• Task item
Leaving pictures aside, restate exactly the lines of the data below, from the first one through the line that contains "A man opens".

****************************************

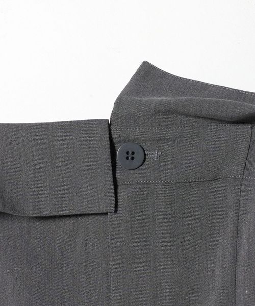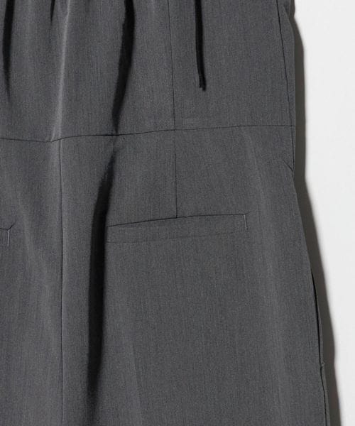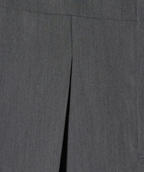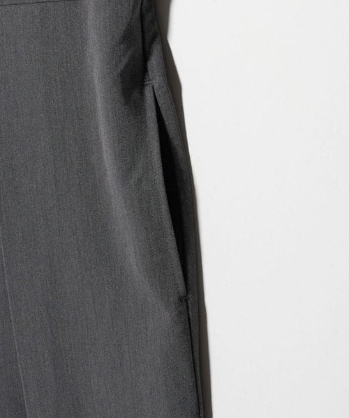 やや高めに設定したウエスト切り替えと、縦ラインを強調するタック入りのシルエットですっきりとした印象に導いてくれます。
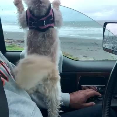 A man opens a car window for a puppy dog at the beach. She sticks her head out the window, then her ears go straight up in the wind.
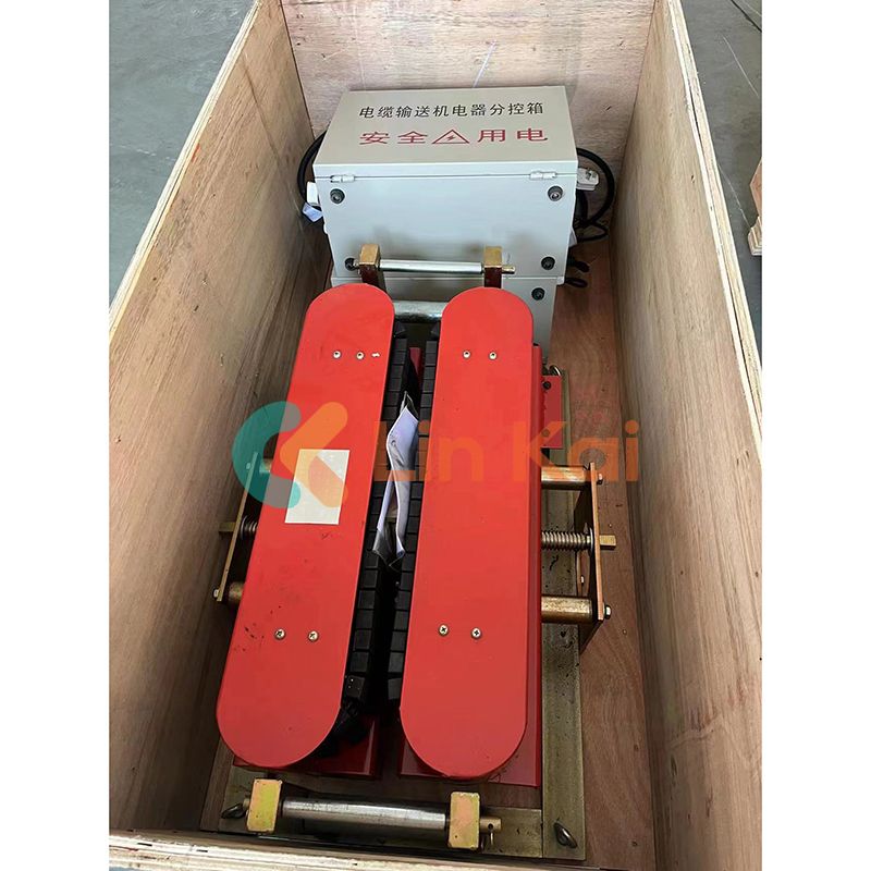 Didmeninė konvejerio kabelio traukimo mašina taikoma 380 V kintamosios srovės įtampa, elektra varoma dviem ašimis, varoma tolygiai ir mažai triukšminga. Vikšras pagamintas iš didelio tvirtumo neopreno, jo dangtelis gerai apsaugo izoliacinį kabelį ir gali būti naudojamas ilgą laiką.
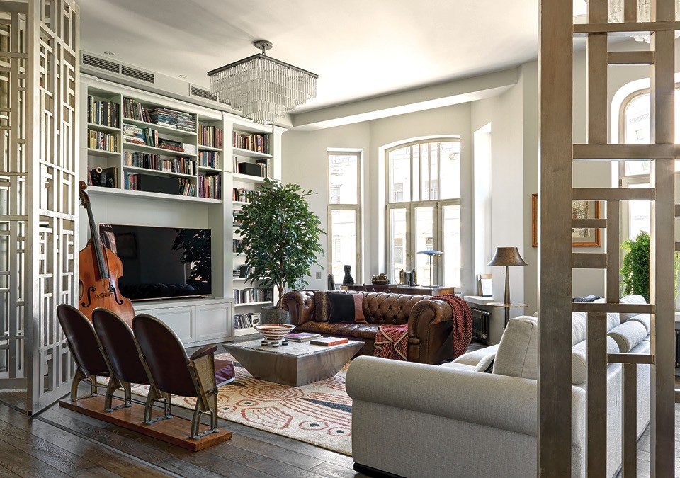 Заказчица хотела перенести частичку парижской атмосферы в свою московскую жизнь: “Только без пышной лепнины, а строго, современно, но с налетом хаоса”. Этим запросом она попала в точку, и дальнейшая работа с дизайнерами шла легко и просто. Элеонора говорит: “Если заказчик делает квартиру не для показа гостям, а для себя и своей семьи, то он обязательно будет вкладывать туда свою душу, поэтому мы были очень рады, что хозяйка полностью погрузилась в работу вместе с нами”. Например, она сама придумала узор для огромной ширмы, разделяющей гостиную и коридор. Несмотря на размер, конструкция цвета шампанского выглядит очень легкой, при этом привлекает внимание. То же самое делают окна, которые в этой квартире разной формы. В офисные времена здесь стояли пластиковые стеклопакеты, дизайнеры заменили их на деревянные с исторической раскладкой и не стали вешать шторы, чтобы не скрывать необычные рамы и вид на старую Москву.
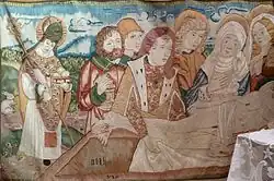Proéminent à l’avant-plan se trouve le tombeau, dans lequel Joseph d’Arimathie et Nicodème sont en train de descendre le corps de Jésus. Entre eux se trouve un groupe parmi lequel Marie, qui semble sur le point de défaillir, la main sur le cœur, tient le rôle central. À sa droite, l’apôtre Jean l’observe et paraît être sur le point de la retenir, tandis qu’à sa gauche Marie Madeleine, les mains jointes, prie ardemment. À gauche Zachée apporte un flacon de parfum, accompagné d’un personnage indéterminé qui se tient derrière lui[4]. Au sein de cette iconographie relativement classique, la présence de saint Nicolas sur le côté gauche semble quelque peu incongrue. Derrière lui s’ébat un lapin et s’étend un paysage de champs dans lesquels s’activent des paysans, tandis qu’à l’arrière plan les montagnes ressemblent fortement aux hauteurs de Dabo, visibles depuis l’abbaye[5].
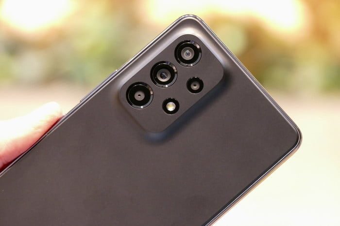 El Samsung Galaxy A53 es parecido al A52 del año pasado, con un display genial de borde a borde, interrumpido por un notch circular en la parte superior de la pantalla, el cual alberga la cámara para selfies. La protuberancia de la óptica trasera, que fue lo más destacado con el A52, se perfeccionó aún más con el A53; ahora se integra mejor en la parte posterior, con un aspecto más ordenado y natural.
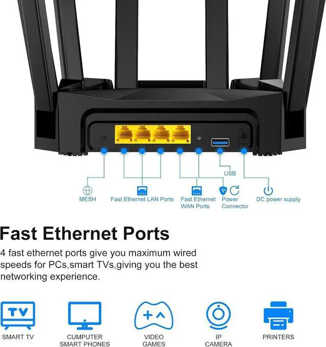AX3000 WiFi 6Dream router,The standalone WiFi6 chip enables WiFi rates up to 3000Mbps. All full Gigabit ports. Faster network ensures smoother streaming and faster downloads without latency.Perfect gaming wifi nest router.With our 2T3R MU-MIMO antenna technology, offer everyone stable and fast internet even there are several people using the same wifi.
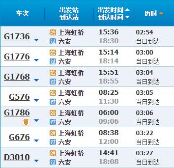 部分车次信息六安
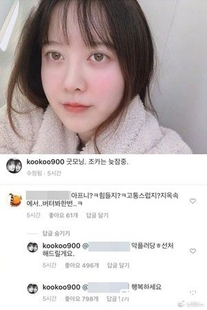 具惠善7日在IG晒出数张自拍照,并写下:早安,姪子正在睡懒觉。不料随后竟有网友留下恶评说道:疼吗?累吗?痛苦吗?妳也试着在地狱中撑看看吧!她不久后也回覆恶评党,这次饶了你,祝你幸福,高EQ的回应吸引少人为她加油打气。
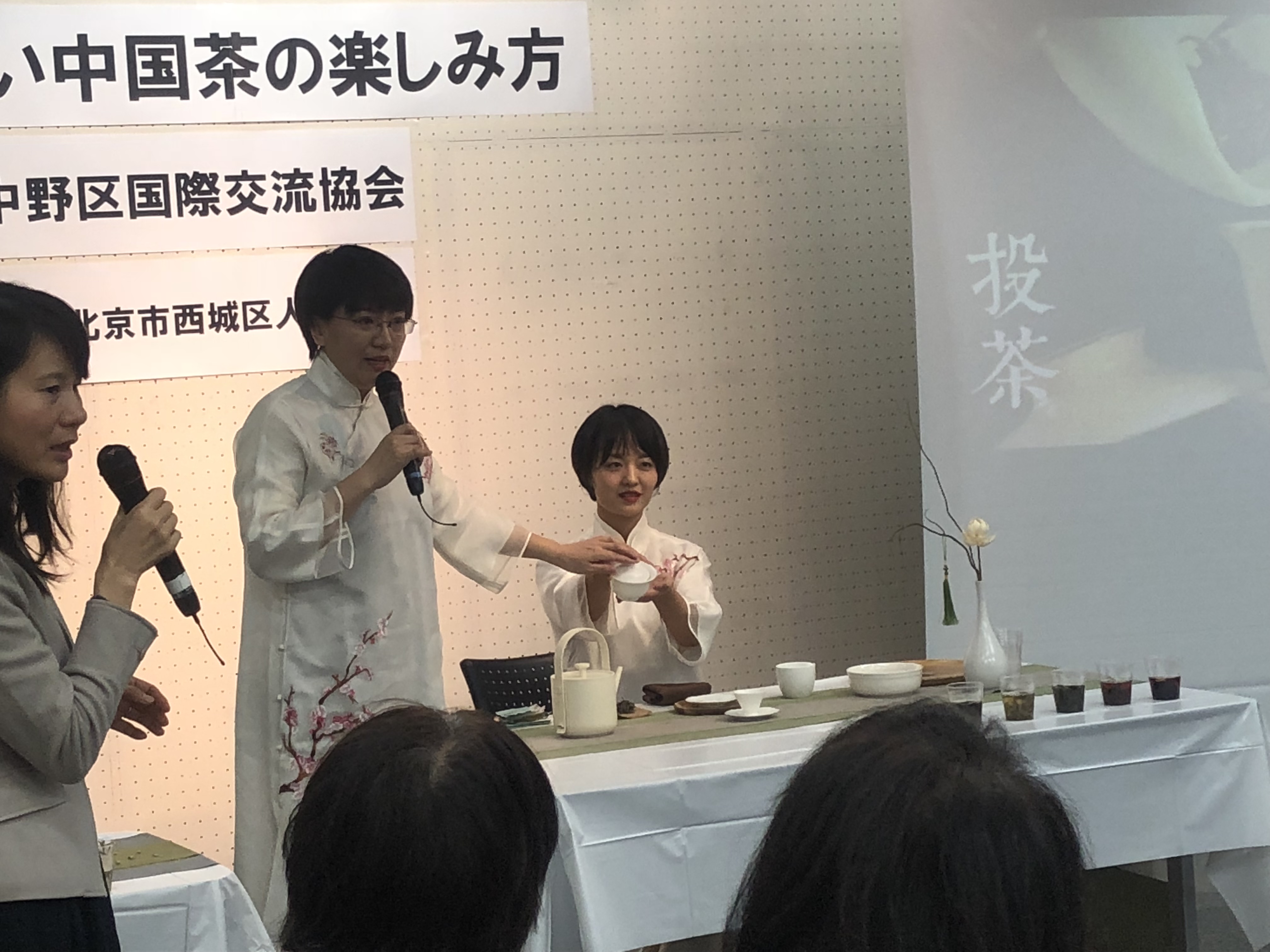 邀请了和中野区有友好区关系的北京市西城区内、被称为「茶芸师」的中国茶専家、挙辧了「甘美的中国茶的品尝方法」活动、约有30人来参加。
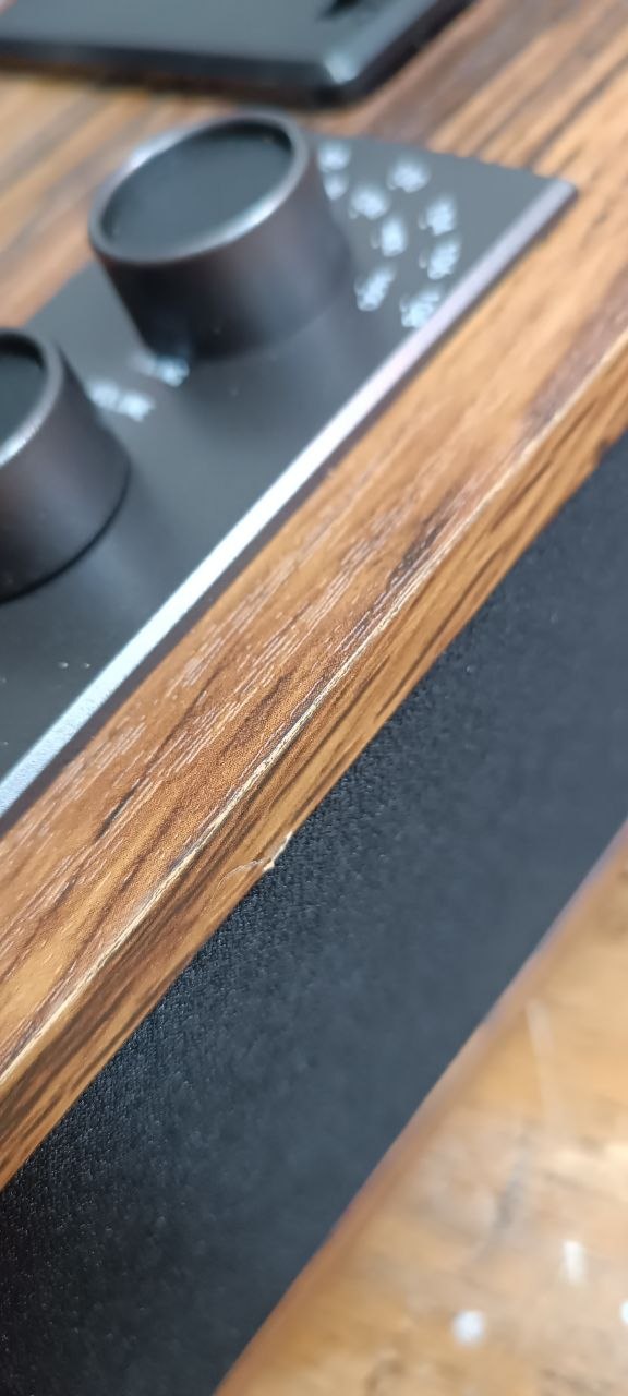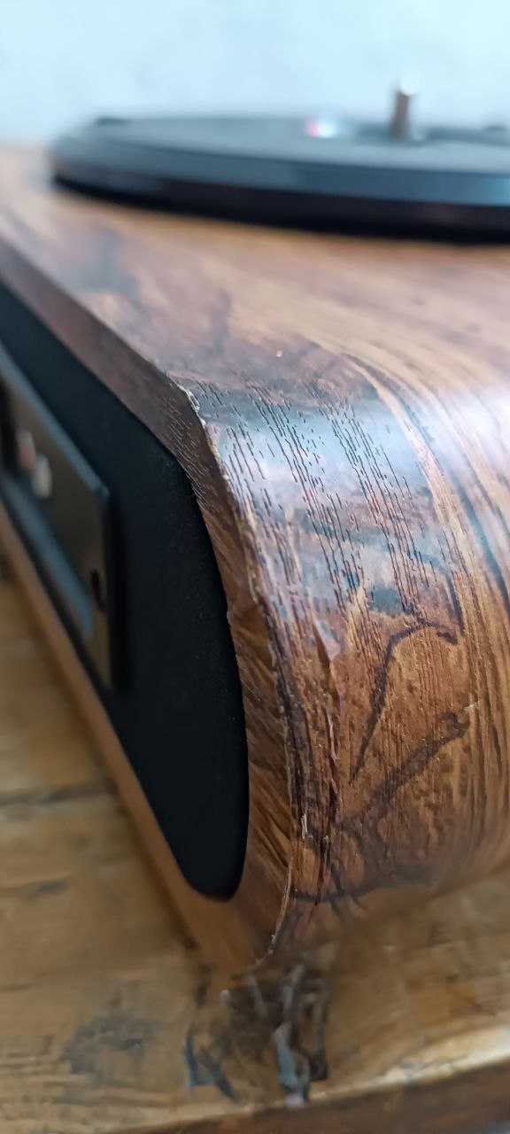Компактний програвач з заокругленими краями в дерев’яному корпусі, з додатково вбудованим радіо FM та Bluetooth.
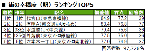 ■街の幸福度(駅)トップは、4年連続で代官山
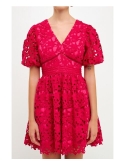 The perfect party dress! This little number is sure to turn heads at your next soiree. With delicate crochet lace and pretty puff sleeves, this mini dress is feminine and chic. The front and back v-neckline add a touch of allure, while the lace trim completes the look.
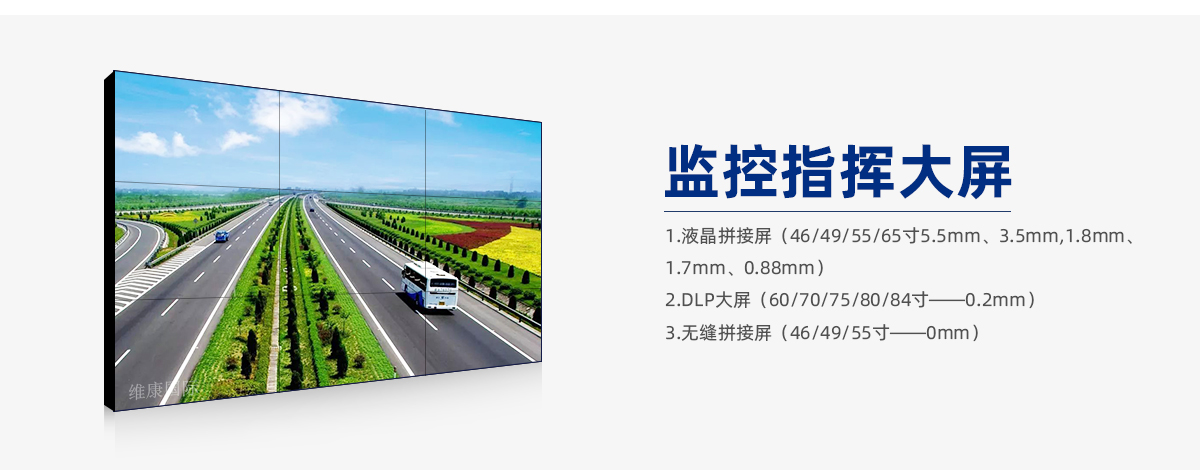 拼缝是LCD监控中心大屏系统产品中一个非常重要的参数,但是它对于监控中心显示图像的影响并不大,因为大多数情况下监控图像都是分割显示的,很少用到跨屏与全屏显示,所以像常规的3.5毫米拼缝的LCD屏完全可以满足监控显示的要求。
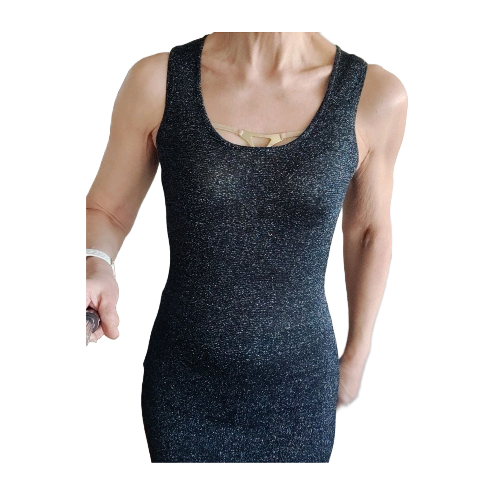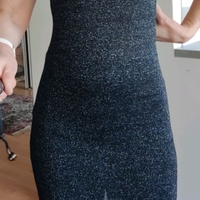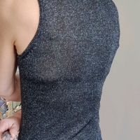 Musta tunika, jossa on hopeanvärisiä lurexlankoja.
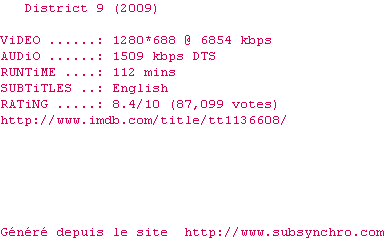 Le commentaire de Yaumegui Commente par Yaumegui (554), Le Dimanche 05 Mai 2013 à 13h39 Un très bon film de SF avec sur fond d'apartheid. 9.5 / 10 1 0
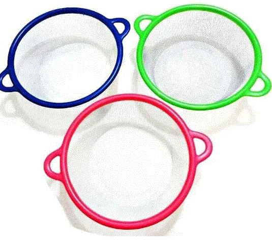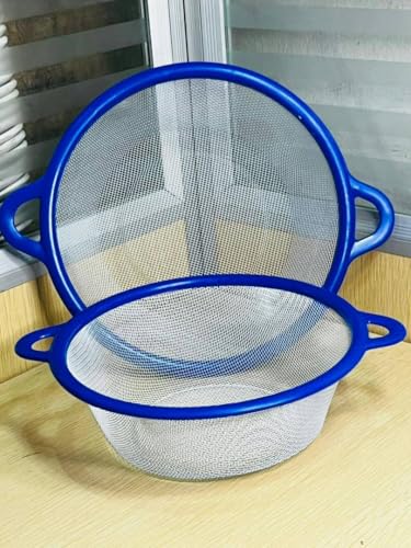 - VERSATILE DESIGN: Round metal mesh strainer with durable plastic frame available in multiple colours, perfect for straining pasta, vegetables, and other foods

****************************************

• Task result
 やや高めに設定したウエスト切り替えと、縦ラインを強調するタック入りのシルエットですっきりとした印象に導いてくれます。
 A man opens a car window for a puppy dog at the beach. She sticks her head out the window, then her ears go straight up in the wind.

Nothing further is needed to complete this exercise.